Sociologist Nathan Glazer is not temperamentally suited to that sort of confrontational talk. But the story Glazer tells in his latest book, From a Cause to a Style: Modernist Architecture’s Encounter with the American City, is of modern architecture’s willingness to subjugate people to its utopian fantasies. It’s a story told with a certain amount of regret. Once a modernist himself, Glazer has some residual affection for his youthful embrace of the movement. But he’s too good a critic to indulge in sentimentality. Toward the end of the book, Glazer sums up the prosecution’s case: “Modernist architecture began with social aims as strong as its aesthetic orientation, or stronger, but social objectives and interests have fallen away almost entirely, and aesthetic interests and judgment, ever more sophisticated and theory-based, have become predominant.”
What Glazer is talking about in those lines isn’t just the notion of the architect as star, but the notion of the architect as artist.
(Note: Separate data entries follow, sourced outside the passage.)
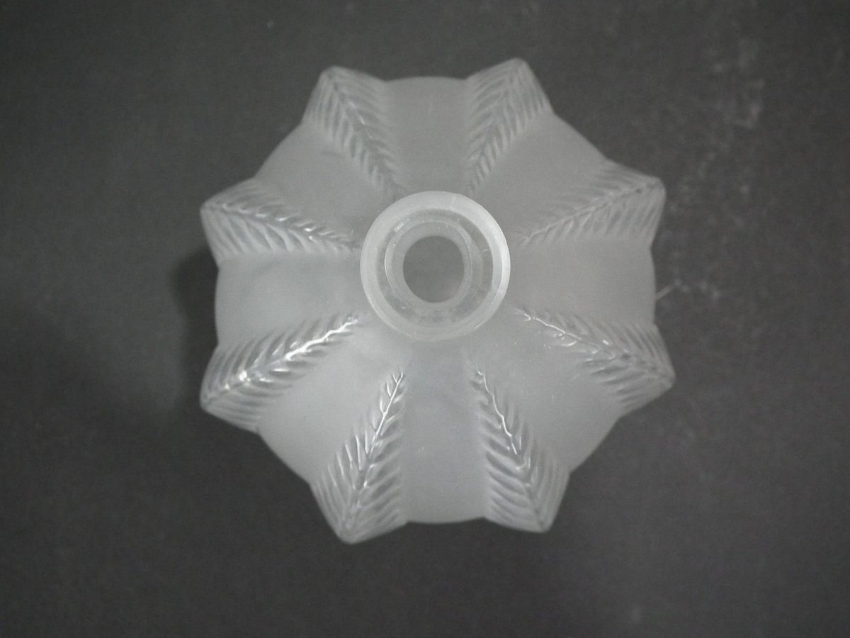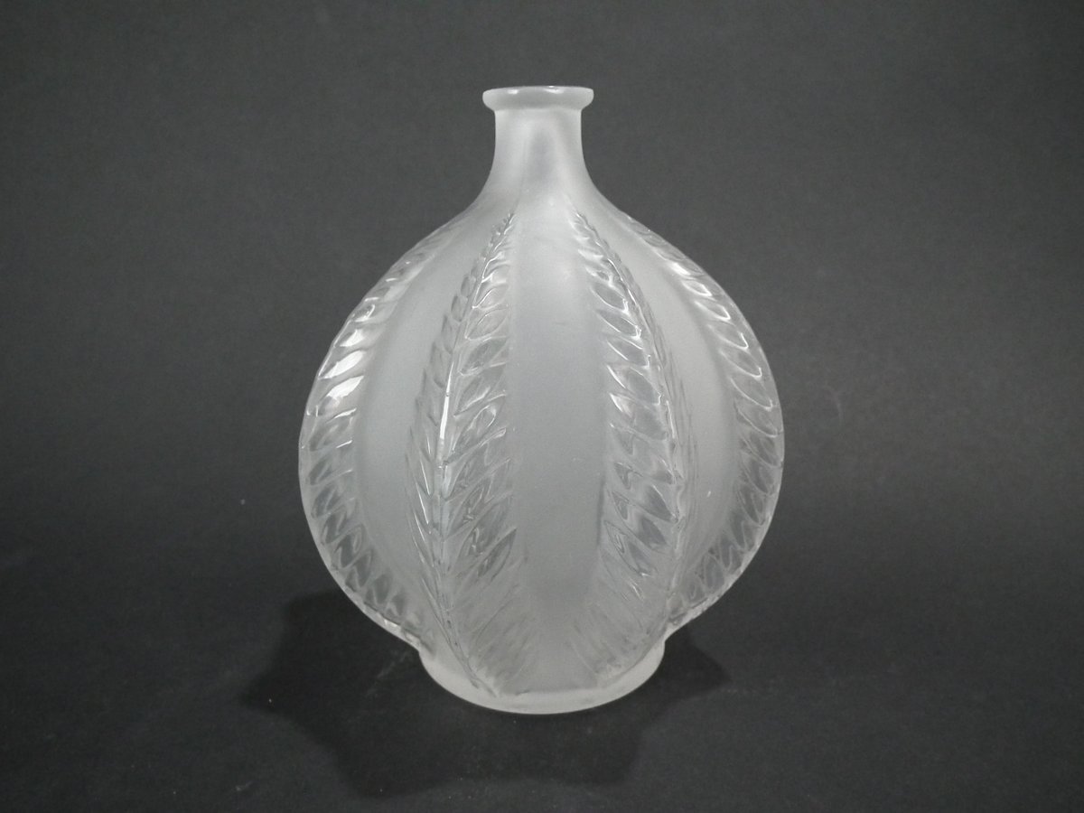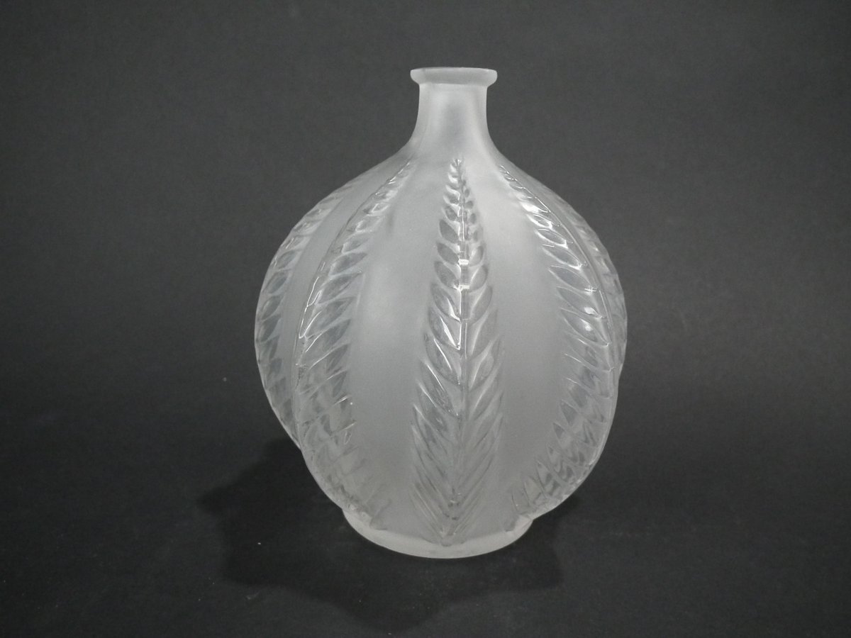 Introduced in 1924. Height: 13cm (5.12ins). Width: 10cm (3.94ins). Depth: 10cm (3.94ins).. Rene Lalique clear & frosted glass 'Malines' vase. Pattern features fern fronds, climbing up the sides.
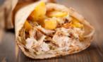 الشاورما عبارة عن قطع رقيقة من اللحم ، مثل الدجاج ، ولحم البقر ، والماعز ، والضأن ، وأحيانًا الديك الرومي الملفوف في قطعة كبيرة من الخبز المسطح أو خبز البيتا المطبوخ على البخار.
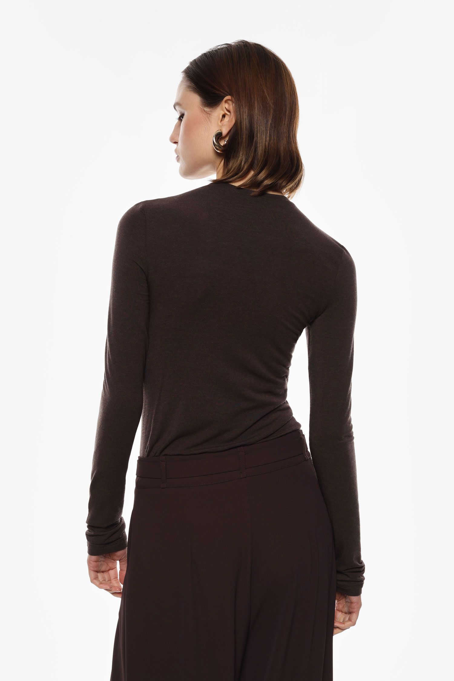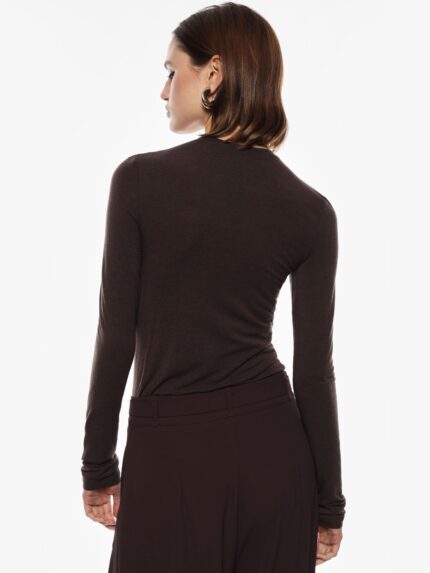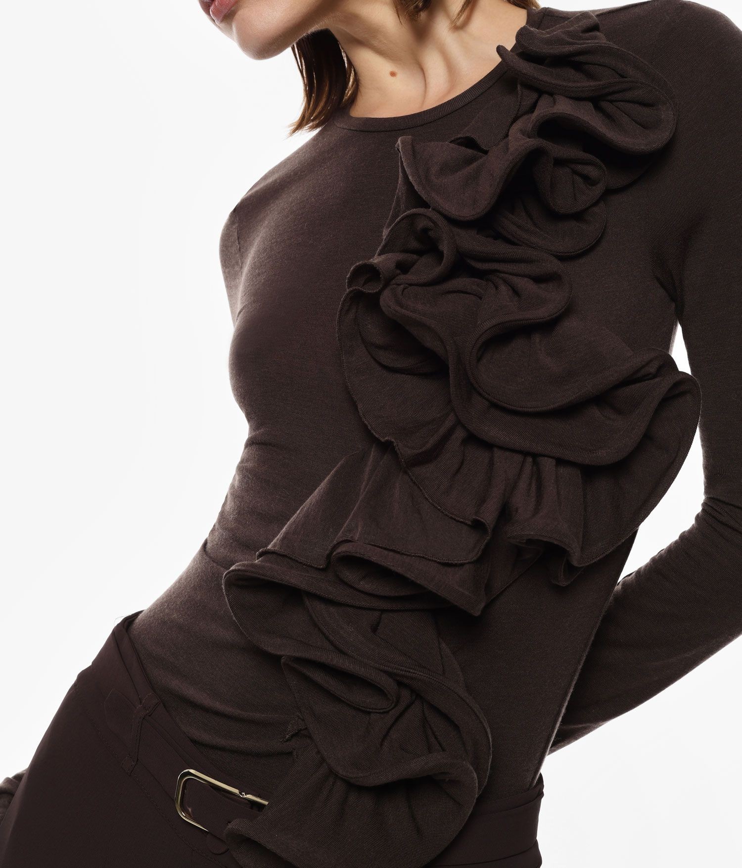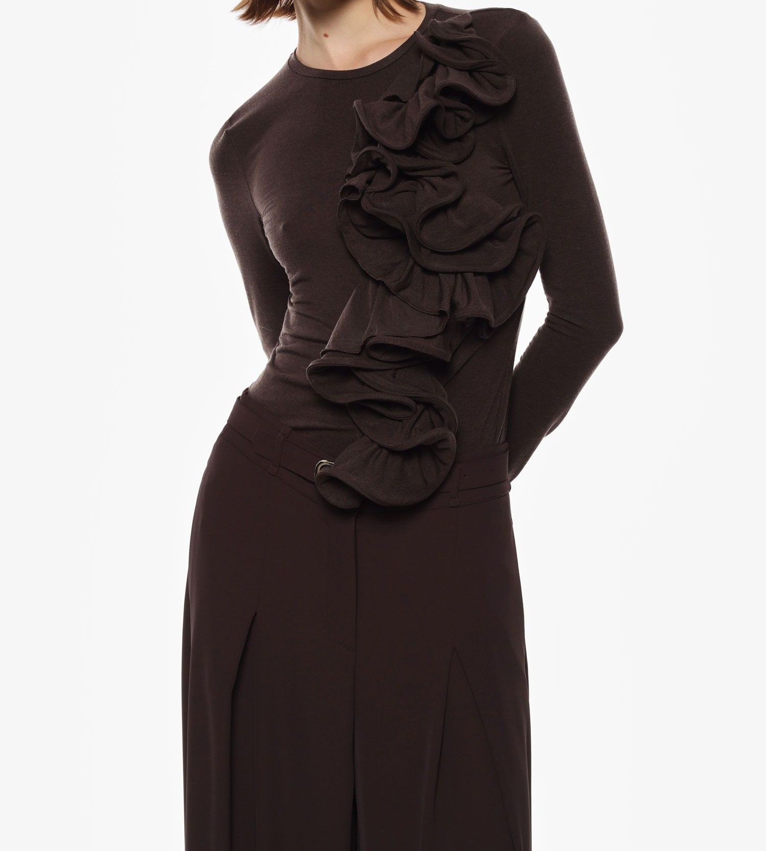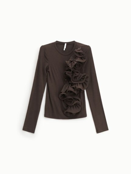 Bluzka z długim rękawem o dopasowanym kroju, wyróżniająca się wyraźnymi asymetrycznymi falbanami z przodu, które nadają jej rzeźbiarskiego wymiaru. Subtelna konstrukcja pozwala na wyrafinowane zestawienia, oferując twórcze możliwości wyrażania siebie w codziennych stylizacjach.

The assumption that the architect is an artist and should be regarded as such is so commonly accepted that many people find it strange to even suggest that there’s something wrong with it.
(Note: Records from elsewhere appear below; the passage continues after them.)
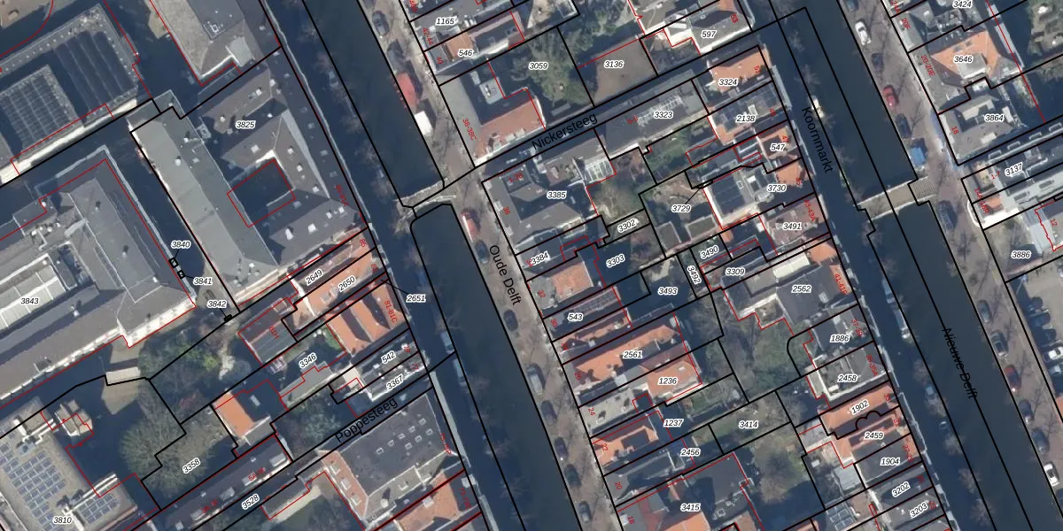 Het perceel waarop Oude Delft 34 staat heeft een oppervlakte van 79 m². Dit is een klein perceel. De perceeloppervlakte wordt geregistreerd door het Kadaster. Gedetailleerde informatie over de maten van dit perceel kunt u vinden in het rapport Kadastrale kaart met maatvoering van Oude Delft 34.
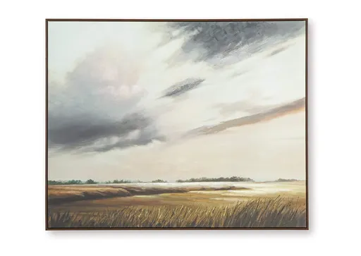 Sure to make an impression in casually chic spaces, the Taymen wall art invites you to admire the expansive beauty of nature. Its landscape design transports you to a field of rolling grain with the sky stretching out above. Hand-painted embellishments provide the finishing touch.
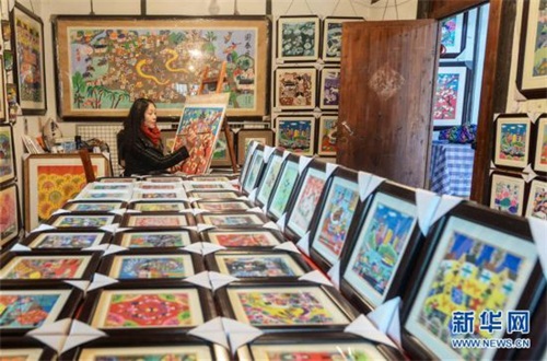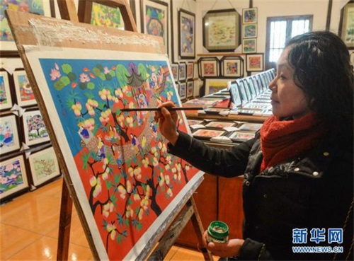 在上海市金山区枫泾镇,画家在创作农民画(2018年1月24日摄)。新华社发
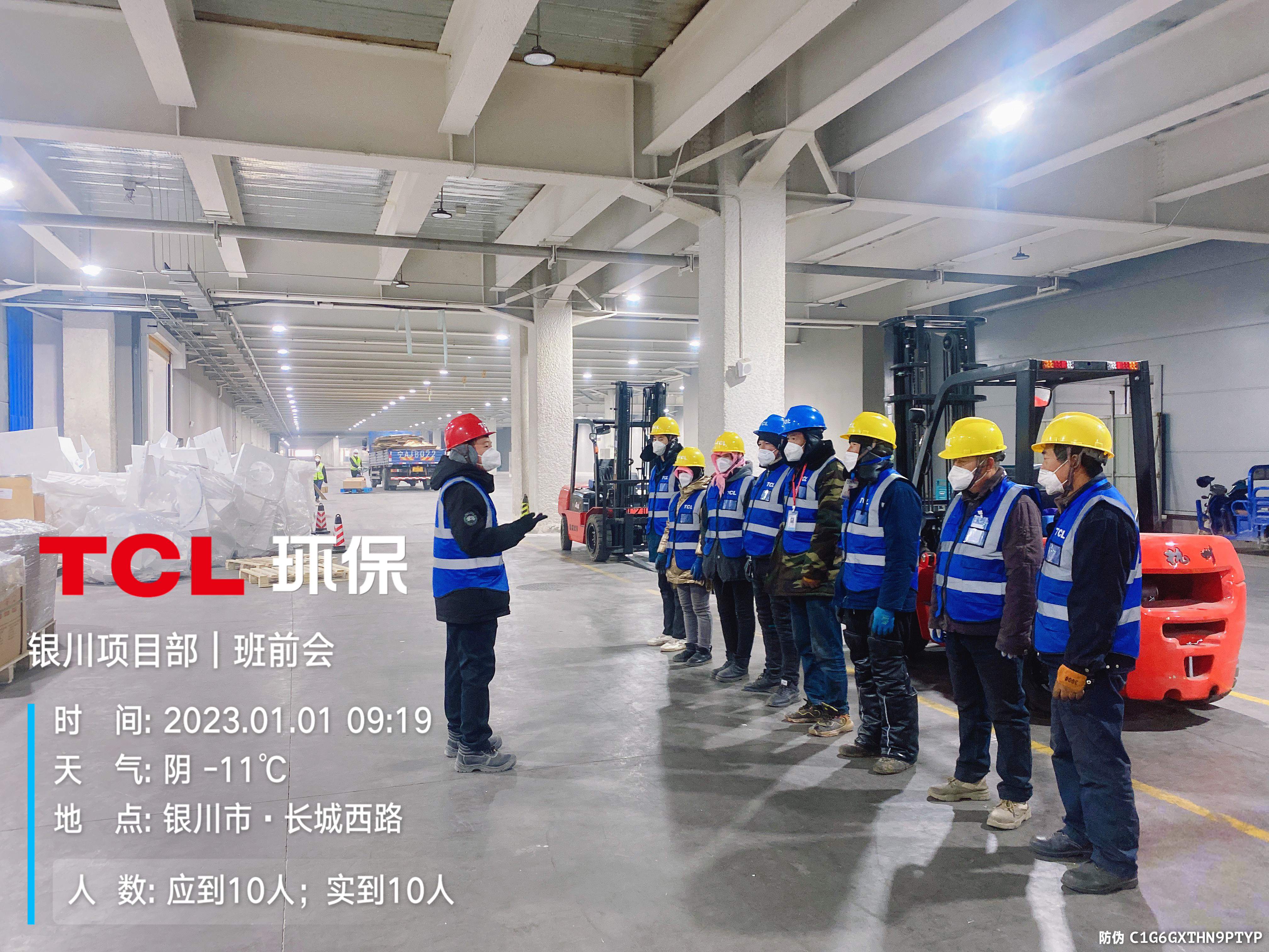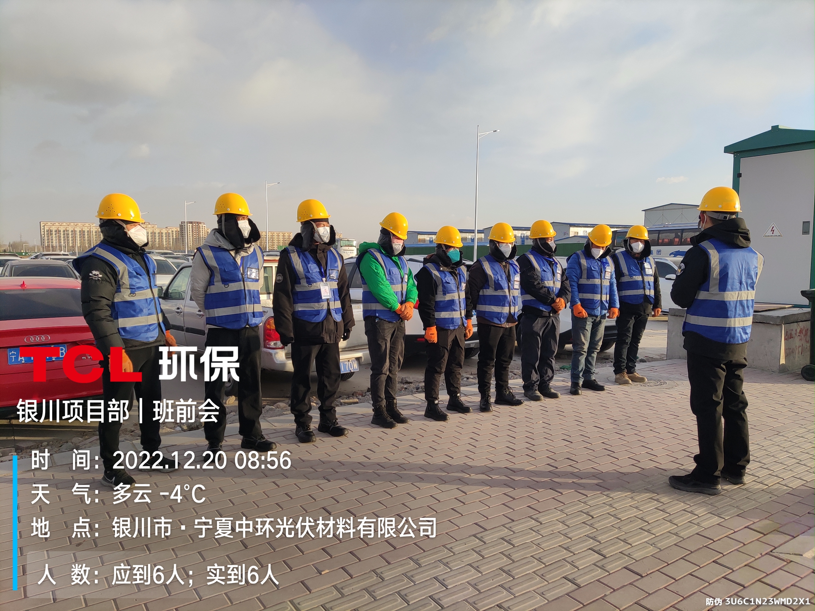 深圳TCL环科的管理员和工人在宁夏中环太阳能级单晶硅材料智慧工厂门口整齐列队,准备正式入驻厂区,为工厂提供一般固废收集整理和清运服务。银川项目部的同事们为能按时入驻中环感到心中火热,充满干劲。

A simple comparison might be useful. When we eat out or get our hair cut, most of us hope we’re in the hands of a chef or a barber who’s artful in his or her field, who might be able to show us something we hadn’t thought of ourselves. Still, that chef or that barber is working for us, preparing a meal or styling our hair to our taste. Yet architects, whose buildings serve anywhere from hundreds to hundreds of thousands of people, have the capacity to affect the surrounding streets and buildings and neighborhoods, and can last well over a century, are presumed to have the privilege of imposing their vision on the public regardless of consequences or the public’s wishes.
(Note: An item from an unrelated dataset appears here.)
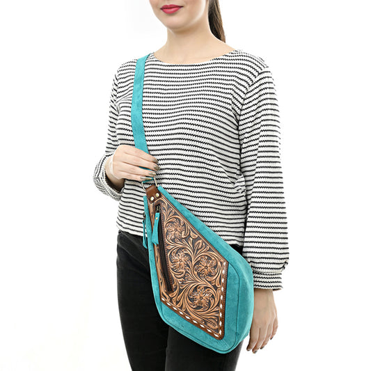 ADBGA578 Turquoise Genuine Leather Sling Bag Hand-Tooled Western Design
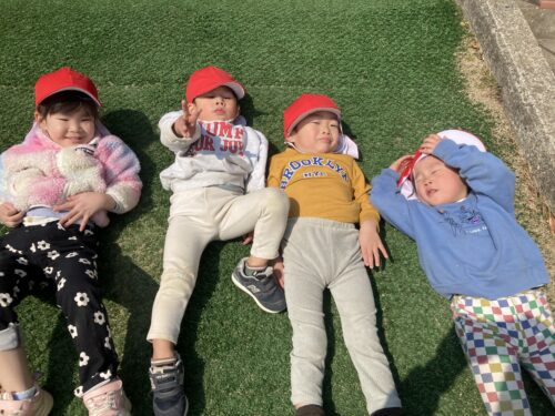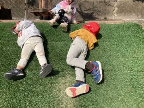 天気が良かったので芝生でゴロゴロと寝転んで、気持ちよさそうでした!芝生滑りもしてたくさん滑って楽しんでいます😊

When architects are regarded chiefly as artists, discussion of their work is reduced to a question of their personal vision. Questions of whether a building serves those who use it or the larger community, of whether it honors or ignores the style and scale of its surroundings, of whether it adds to or damages the life of its neighborhood, are treated as quaintly prosaic and utilitarian, akin to reducing any consideration of a work of art to its social relevance. This has made it easy to put down people who don’t like a piece of modern architecture as being the same as the vulgarians who look at a Jackson Pollock and boast that their kid could paint that. But how can you look at the cubist pile-up of Jiffy Pop containers that is Frank Gehry’s Guggenheim Bilbao, a building grotesquely out of scale with its surroundings, and with a straight face listen to a member of the Royal Academy (in Sydney Pollack’s 2006 hagiograph Sketches of Frank Gehry) describe it as “the most impressive cathedral of the end of the twentieth century”?
That bit of censer swinging is the tone that Nicolai Ouroussoff tries so hard to pass off as democratic in a piece in the December 16, 2007, New York Times. “The age of manifesto is dead,” preaches Brother Ourossoff. “Instead we live in a time of competing voices, the best of which can offer penetrating insights into a culture that is in constant flux.” He goes on to proclaim Rem Koolhaas’s attention to function in his design for the Seattle Public Library as “a bold expression of the client’s conflicting needs to preserve old books and also to come to terms with emerging information technology.”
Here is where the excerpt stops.